Dataset records:
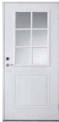
Puccini W35 Uvalue 1.4
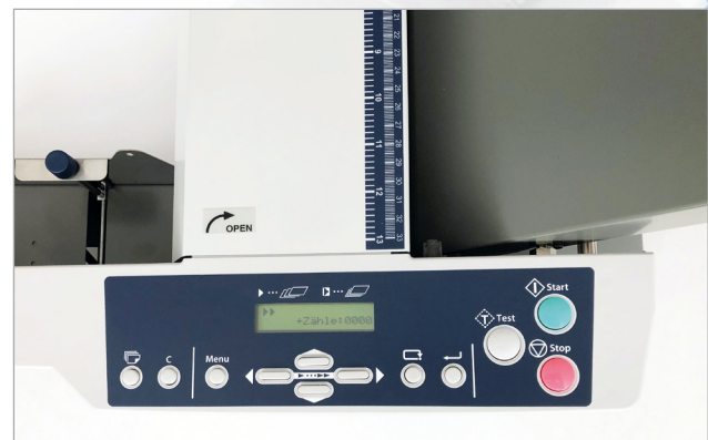
Easy to use interface.

The capacity of the automatic feeding station is up to 500 sheets. A job counter indicates the number of processed sheets. Equipped with a digital pre-counter (count-down-function) with interval mode, this allows the machine to have short break after a fixed number of sheets are folded, this enables the operator to remove a fixed number of documents without stopping the machine.
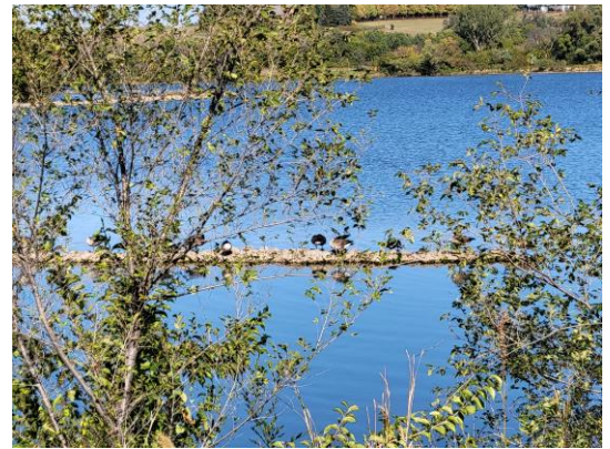
Geese lounging on a sand bar
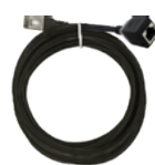
XEC-4.5 4.5 meter Extension interface cable. Order when the radio is trunk mounted. Connects to supplied XIC-1.5 interface cable.(optional)
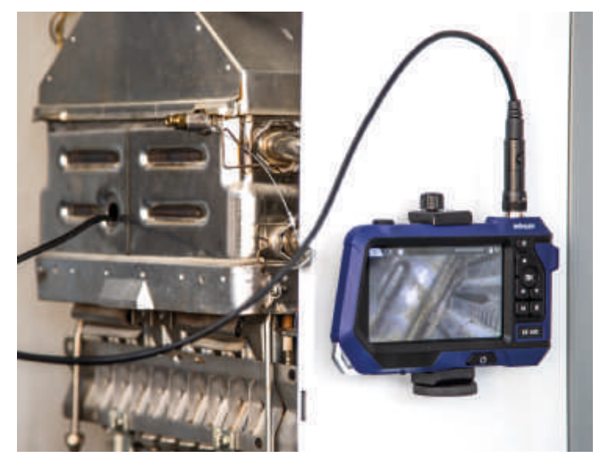
Hands free for working With the magnetic holder you can securely attach the Wöhler VE 400 to any magnetic surface. This leaves your hands free for working.
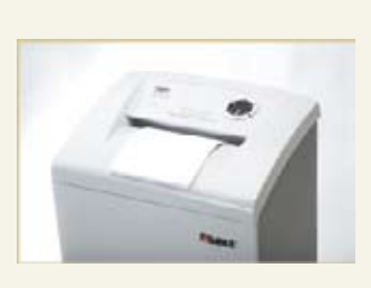
Permanent measurement of paper volume for uninterrupted shredding.
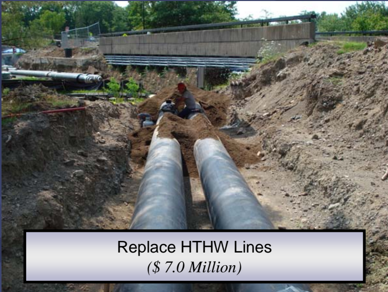
Replace HTHW Lines ($ 7.0 Million)
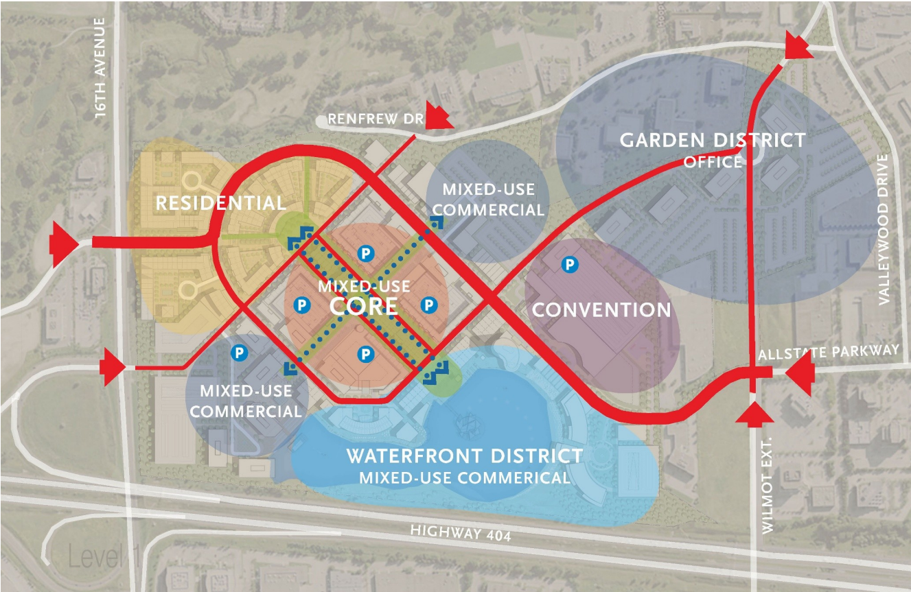
3 - Proposed development plan for Buttonville Airport displaying the various sectors

Homeowners interested in moving to Markham – or who want to stay posted on the latest real estate developments in the Buttonville Area as they become available – can connect with Living Realty’s team of Markham real estate experts by visiting us online at http://www.livingrealty.com . For up-to-the-date information on this and many other great construction initiatives around the GTA, check out our GTA Real Estate News web site at http://news.livingrealty.com .
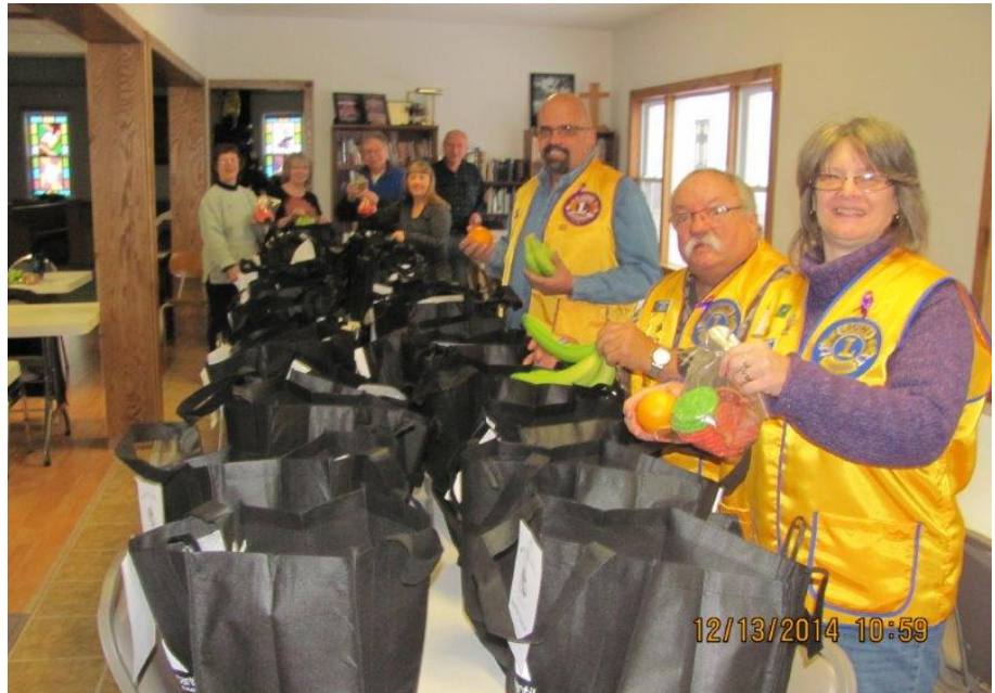
Chippewa Lakes-Mecosta Lions packed Merry Christmas bags for 40 families in the area
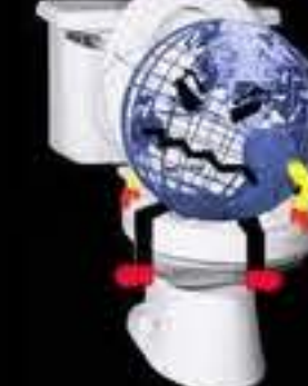
The Crap-O-Sphere ("Crappy")

"Let us dare to read, think, speak and write." - John Adams, 1765
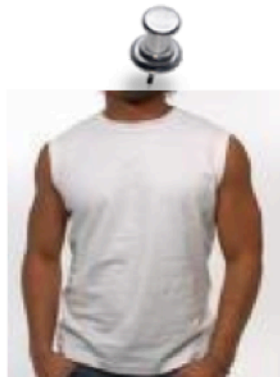
No Sleeveless T-Shirts
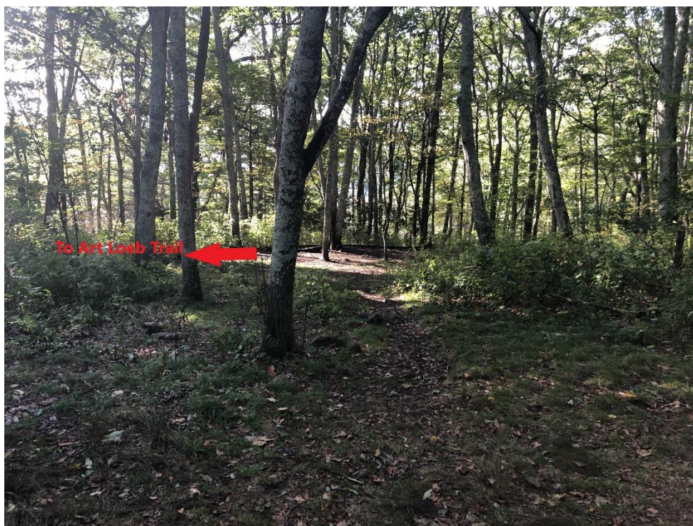
Figure 7: Deep Gap camp site
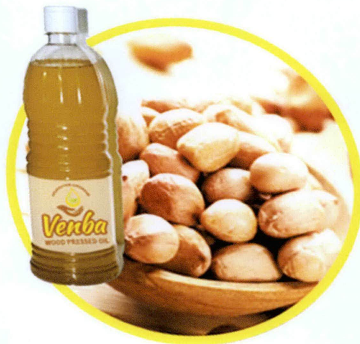
Figure 1. Unregistered VENBA Ground Nut Oil

The Food and Drug Administration (FDA) advises the public from purchasing and consumption of the following unregistered food products:
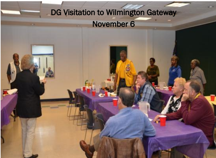
DG Visitation to Wilmington Gateway November 6
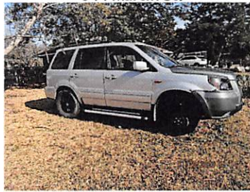
644 Martin St.
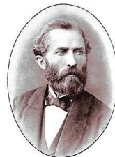
Anton de Bary (1831-1888)
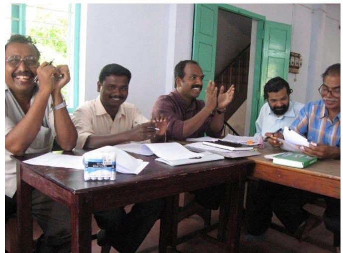
The Gospel Workers of MMC burst into spontaneous applause when the constitution of the MGMS was approved.

societies can work together as sisters and brothers in Christ in India more effectively to bring the Gospel to bear upon the society of India.
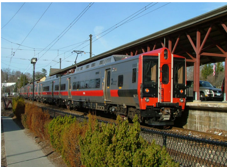
One of the advantages of taking a train from the end of the branch line in New Canaan is that riders get the first seats as the train waits to depart. This is the 7:58 a.m. train on April 15.

By Kristan Sveda on April 18, 2015 in Latest Local News New Canaan CT, Lead News, News, Real Estate · 0 Comments
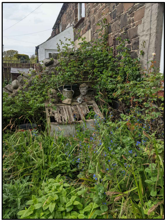
From front garden looking West
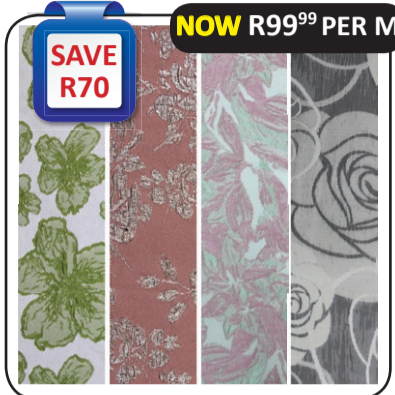
IMPORTED DENIM (150CM)
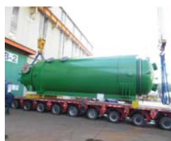
SPP Gulf - Thailand (95 MWe)
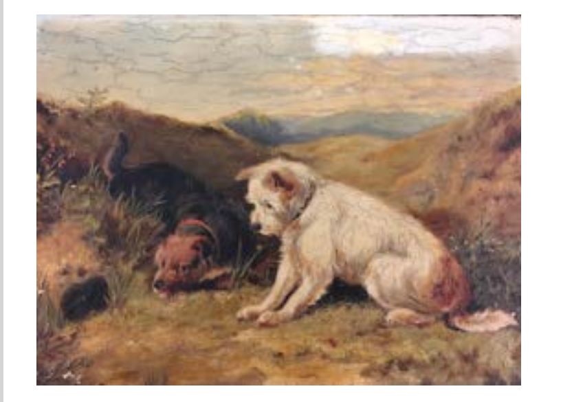
Areas of paint loss filled and restored. Dark areas in the craquelure disguised.

The canvas was wax resin lined to stabilise the surface. Surface clean to remove accretion and discoloured old restoration.
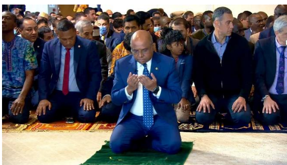
The President of the General Assembly His Excellency Abdulla Shahid leading Friday prayers on 30 April 2022 at the United Nations.

In the sermon the President of the General Assembly highlighted the message to have respect for our common humanity and each other, the importance of mercy and compassion, learning from the life and actions of Prophet Mohamed (SAW).
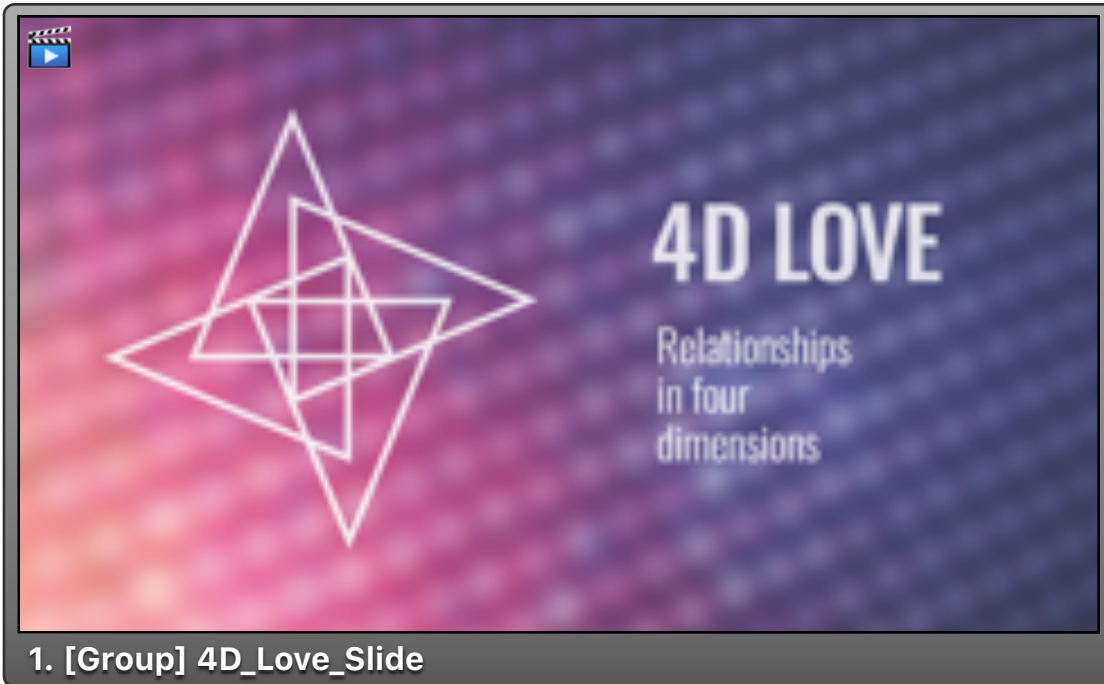
1. [Group] 4D_Love_Slide

Required work: An exact copy is needed. It runs from the line above containing "The capacity of" down to the line containing "XEC-4.5 4.5 meter", both included, with no pictures.

Expected output:
The capacity of the automatic feeding station is up to 500 sheets. A job counter indicates the number of processed sheets. Equipped with a digital pre-counter (count-down-function) with interval mode, this allows the machine to have short break after a fixed number of sheets are folded, this enables the operator to remove a fixed number of documents without stopping the machine.
Geese lounging on a sand bar
XEC-4.5 4.5 meter Extension interface cable. Order when the radio is trunk mounted. Connects to supplied XIC-1.5 interface cable.(optional)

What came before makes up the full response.